Cerebrospinal fluid and serological data of the kidney transplant recipient
CSF | 2-days pre-treatment | 13-days of treatment | 180-days post-treatment | |||
Fluid aspect | Clear and colorless | Clear and colorless | Clear and colorless | |||
WBC (/mm3) | 8 | 5 | 2 | |||
Lymphocytes (%) | 60 | NA | NA | |||
Monocytes (%) | 1 | NA | NA | |||
Neutrophils (%) | 39 | NA | NA | |||
RBC (/mm3) | 5 | 15 | 2 | |||
Protein (mg/dL) | 75 | 66 | 37 | |||
Glucose (mg/dL) | 53 | 50 | 54 | |||
CSF/serum glucose ratio | 0.47 | NA | 0.62 | |||
VDRL | Nonreactive | Nonreactive | Nonreactive | |||
FTA-ABS (IgM) | Nonreactive | NA | NA | |||
FTA-ABS (IgG) | Reactive | NA | NA | |||
Others (all negative) | Bacterial/fungal culture; India ink stain; cryptococcal antigen latex agglutination test; adenosine deaminase; RT-PCR: CMV, VZV, HSV-1, HSV-2 | NA | NA | |||
Serum | 35 months pre-KTx | 2 days pre-treatment | 71 days post-treatment | 156 days post-treatment | 212 days post-treatment | 338 days post-treatment |
VDRL (Titer) | NA | 1:16 | 1:8 | 1:2 | 1:2 | 1:2 |
Treponemal CLIA | Nonreactive | Reactive | Reactive | Reactive | Reactive | Reactive |
CSF, Cerebrospinal Fluid; WBC, White Blood Cell; RBC, Red Blood Cell; VDRL, Venereal Disease Research Laboratory test; FTA-ABS, Fluorescent Treponemal Antibody Absorption test; IgM, Immunoglobulin M; IgG, Immunoglobulin G; RT-PCR, Real-Time Polymerase Chain Reaction; CMV, Cytomegalovirus; VZV, Varicella-Zoster Virus; HSV, Herpes Simplex Virus; KTx, Kidney Transplantation; CLIA, Chemiluminescent Immunoassay; NA, Not Available.

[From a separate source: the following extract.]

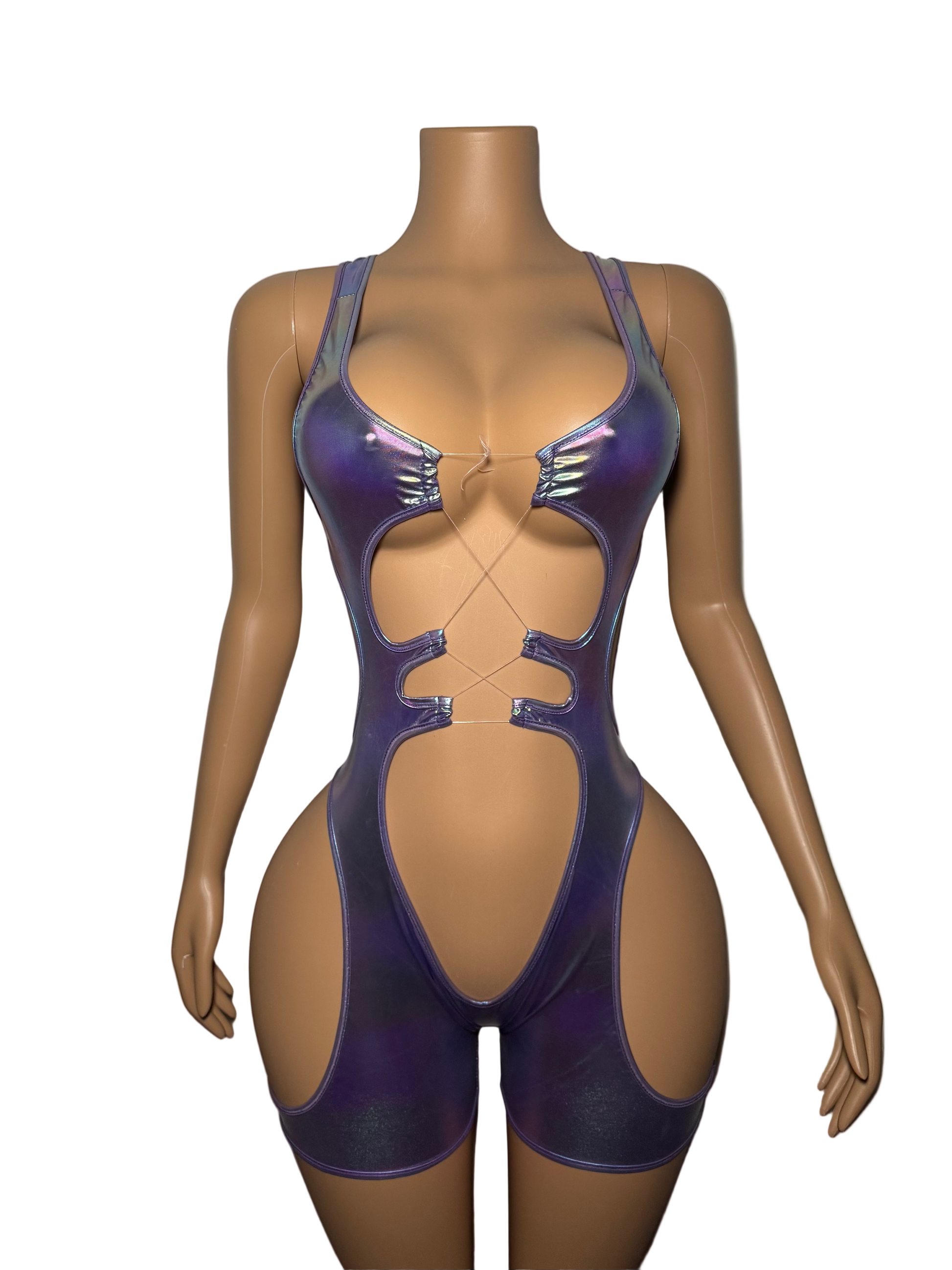 The Zenon bodysuit is made from metallic fabric and features built-in garters with a cross back strap. Adjustable from the front.

At presentation, the serological investigation showed VDRL (1:16) and CLIA reactivity (Table 1). Lymphopenia (880 lymphocytes/mm3) and mild liver enzyme changes (Alanine aminotransferase, 59 U/L; alkaline phosphatase, 136 U/L; gamma-glutamyl transferase, 174 U/L) were identified. The estimated glomerular filtration rate decreased by 12% from baseline (93 mL/min/1.73 m2). Serological tests for HIV 1/2, HTLV I/II, and hepatitis B and C, as well as HIV-1 plasma viral load and RT-PCR for COVID-19, were negative. Brain computed tomography revealed no abnormalities. Cerebrospinal Fluid (CSF) analysis showed slight lymphocytic pleocytosis, elevated protein levels, and hypoglycorrhachia. CSF VDRL was non-reactive; however, the Fluorescent Treponemal Antibody Absorption Test (FTA-ABS) IgG was reactive (Table 1). The ophthalmologic evaluation revealed papilledema in the right eye. The skin biopsy from the trunk showed a pattern of interface dermatitis associated with perivascular and peri-annexal lymphocytic infiltrate, with rare plasma cells (Fig. 3A). Immunohistochemical analysis of T. pallidum was positive (Fig. 3B).
The patient was diagnosed with secondary syphilis concomitant with primary lesion and early neurosyphilis and received intravenous potassium penicillin G (4 million IU every 4 h for 14 days). After the 14-day treatment ended, the penile lesion was healed, and evident improvement was noted in other dermatological lesions and facial paralysis, with normalization of liver enzyme levels and renal function. Thereafter, the immunosuppressive regimen was not modified. One month after the 14-day treatment, the patient was completely asymptomatic. Three months after the treatment, the papilledema was still in regression. At the 15-month follow-up after the 14-day treatment, there was no recurrence of syphilis, and the ophthalmologic examination no longer showed papilledema. Table 1 presents serological responses to syphilis treatment.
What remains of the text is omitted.